In consideration of your service with Wisconsin Energy Corporation and its
subsidiaries (hereinafter collectively called the Corporation) and your
agreement to devote your individual best efforts to the interest of said
Corporation in the future, it is agreed that supplemental benefits as
described in this Agreement will be provided on behalf of the Corporation by
Wisconsin Electric Power Company (hereinafter called the Company).
Retirement
----------
Upon your retirement at age 60 or older (or prior to age 60 with the approval
of the Boards of Directors of Wisconsin Energy Corporation and the Company),
the Company will pay a supplemental monthly retirement benefit equal to the
difference between (1) and (2) below, less the amount of the monthly vested
retirement benefits payable to you at age 65 under defined benefit plans from
previous employers for periods of employment prior to your employment by the
Corporation, where (1) and (2) are defined as follows:
(1) equals the monthly retirement benefit payable from the Management
Employees' Retirement Plan of the Company or such successor Plans as may
be adopted by the Company (hereinafter called the Plan) plus the amounts
of any actual "make whole" pension supplements due under the provisions
of Section IX(1) and (2) of the Wisconsin Energy Corporation Executive
Deferred Compensation Plan, plus any amount payable under Monthly
Benefit A under the Corporation's Supplemental Executive Retirement
Plan, and
(2) equals the monthly retirement benefit which would have been payable from
the Plan calculated without regard to any limitations imposed by
Section 415 of the Internal Revenue Code or any limitation on annual
compensation, as adjusted from time to time, imposed by
Section 401(a)(17) of such Code and under the assumptions that (i) your
participation in the Plan had commenced on the first day of the month
following your twenty-fifth birthday and continued uninterrupted
thereafter, (ii) any deferrals of base salary you elected under the
Corporation's Executive Deferred Compensation Plan were disregarded and
instead included in your compensation base for calculating retirement
income under the Plan, and (iii) the amount of any Performance Award,
Incentive Award or special award, calculated at the time of its
determination by the Board of Wisconsin Energy Corporation had also been
included in your compensation base for calculating retirement income
under the Plan.
<PAGE> 2
The reduction amount with respect to benefits payable to you at age 65 under
defined benefit plans from previous employers shall be converted into an
actuarial equivalent of a Life Annuity Form payable at age 65 using the
actuarial equivalency factors under the Plan, but shall be subtracted, without
any further adjustment, from any supplemental monthly retirement benefit
calculated as above set forth whenever the same commences whether before or
after your 65th birthday. Further, such reduction amount applies to any
supplemental monthly retirement benefit calculated as above set forth and
expressed as a Life Annuity Form of benefit and shall be made prior to the
application of factors applicable for any other form of benefit available
under the provisions of the Plan. Prior to the time of retirement, you will
provide the Company with certified information regarding any such defined
benefit retirement benefits payable or to be payable to you by a previous
employer.
Preretirement Spouse's Benefit
------------------------------
In the event of your death while in the employ of the Corporation, the Company
will pay to your surviving spouse a monthly benefit equal to the difference
between (a) and (b) below, but reduced as provided below to reflect the value
of any vested defined benefit retirement benefits attributable to prior
employment as set forth under the "Retirement" paragraph of this letter, where
(a) and (b) are defined as follows:
(a) equals the monthly spouse's benefit, if any, payable from the Plan
plus the amounts of any actual "make whole" spousal pension supplements
due under the provisions of Section IX(1) and (2) of the Wisconsin
Energy Corporation Executive Deferred Compensation Plan, plus any amount
payable under Monthly Benefit A under the Corporation's Supplemental
Executive Retirement Plan, and
(b) equals the monthly spouse's benefit which would have been payable
from the Plan calculated on all the same assumptions as set forth in
subsection (2) of the "Retirement" paragraph of this letter.

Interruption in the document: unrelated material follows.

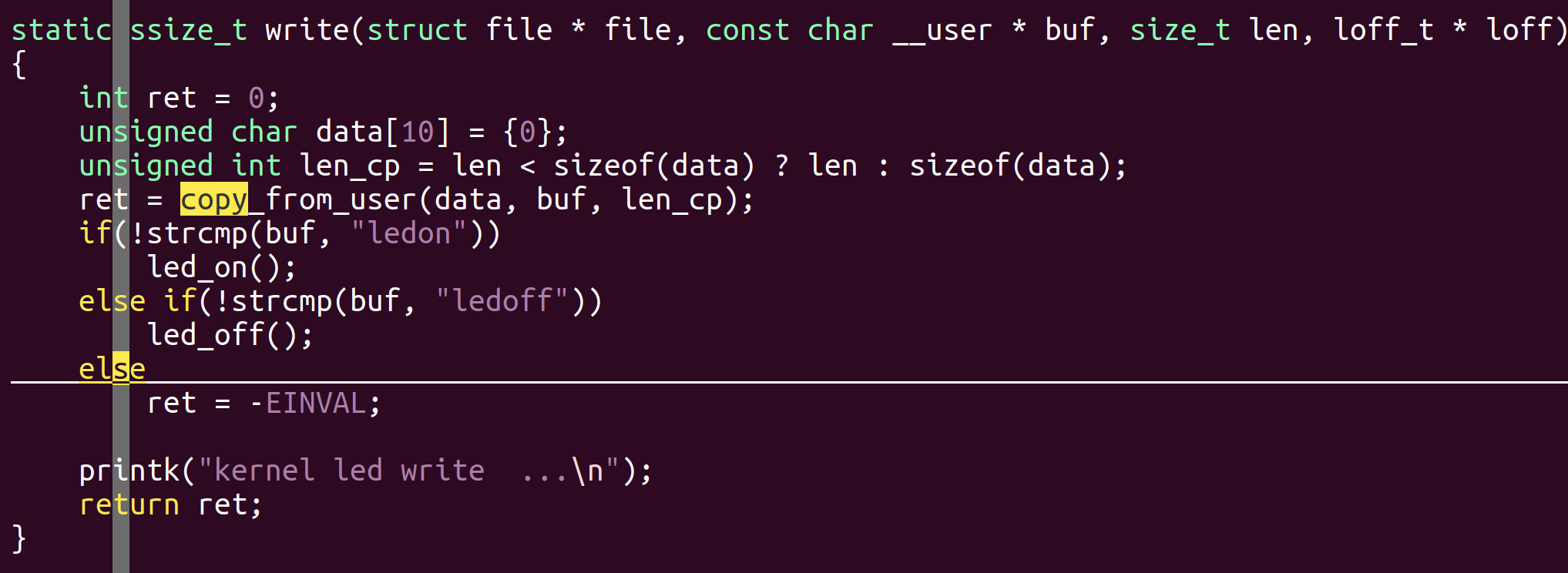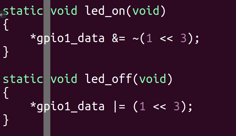 {int fd = open("/dev/led1", O_RDWR); // 调用 open 系统调用if(fd < 0) { /* 错误处理 */ }write(fd, "ledon", 5); // 调用 write 系统调用write(fd, "ledoff", 6); // 调用 write 系统调用close(fd); // 调用 close 系统调用return 0;

The reduction amount with respect to vested defined benefit retirement
benefits attributable to prior employment is to be applied by reducing the
monthly surviving spouse benefit calculated as above set forth by one-half of
the dollar amount of the vested benefit which would have been offset under the
"Retirement" paragraph of this letter.
Condition of Payment
--------------------
All of the terms and conditions of the supplemental benefits provided herein
shall be subject to and shall be administered as if such supplemental benefits
were payable directly from the Plan. No supplemental benefits, other than
those specifically provided herein, shall be paid by the Company or the
Corporation upon your termination of employment with the Corporation for any
other reasons.
The form of your supplemental benefits will follow the form payable to you
from the Plan. However, notwithstanding any other provision hereof, you may
<PAGE> 3
at the time of your retirement make a written request to the Board of
Directors of the Corporation for a single lump sum payment of an amount equal
to the then present value of all supplemental benefits accrued under this
letter agreement, calculated using (i) an interest rate equal to the five-year
United States Treasury Note yield in effect on the last business day of the
month prior to the payment (as reported in the WALL STREET JOURNAL or
comparable publication), and (ii) the mortality tables then in use under the
Plan. The Board of Directors of the Corporation, in its sole and absolute
discretion, may grant or deny such request.
Further, upon the occurrence of a "Change in Control" of the Corporation (as
defined in Exhibit A attached to and made a part of this letter), then
notwithstanding any other provision hereof, the Corporation shall promptly pay
to you or to anyone then receiving supplemental benefits under this letter
agreement a single lump sum payment of an amount equal to the then present
value of all such supplemental benefits accrued (whether or not in pay status
and without regard to whether your employment is continuing), calculated using
the same assumptions as set forth in the immediately preceding paragraph, with
an interest rate to equal the five-year United States Treasury Note yield in
effect on the last business day of the month prior to the date when the Change
in Control occurred. If you continue in employment and the supplemental
benefits provided for in this letter continue, appropriate provisions shall be
made so that any subsequent payments under this letter agreement are reduced
to reflect the value of such lump sum payment.
All amounts payable under this letter agreement shall be subject to all
applicable withholding taxes. The Corporation may establish a grantor trust
to serve as a vehicle to hold such contributions as the Corporation may choose
to make to pre-fund its obligations hereunder, but the trust shall be designed
so that this letter agreement remains an unfunded arrangement and your rights
to benefits under this letter agreement shall be those of an unsecured
creditor.
If the terms of this agreement are satisfactory to you, please indicate your
acceptance below.
Sincerely,
WISCONSIN ENERGY CORPORATION
By: /s/John H. Goetsch
-------------------------------
Vice President and Secretary
I understand, accept and agree to all the provisions and conditions contained
in the above Agreement.
/s/R. A. Abdoo
----------------------------------
R. A. Abdoo
Nov. 22, 1994
----------------------------------
Date
<PAGE> 4
EXHIBIT A
CHANGE IN CONTROL DEFINITION
For purposes of this Plan, a "change in control" with respect to
Wisconsin Energy Corporation shall mean the occurrence of any of the following
events, as a result of one transaction or a series of transactions:
(a) any "person" (as such term is used in Sections 13(d)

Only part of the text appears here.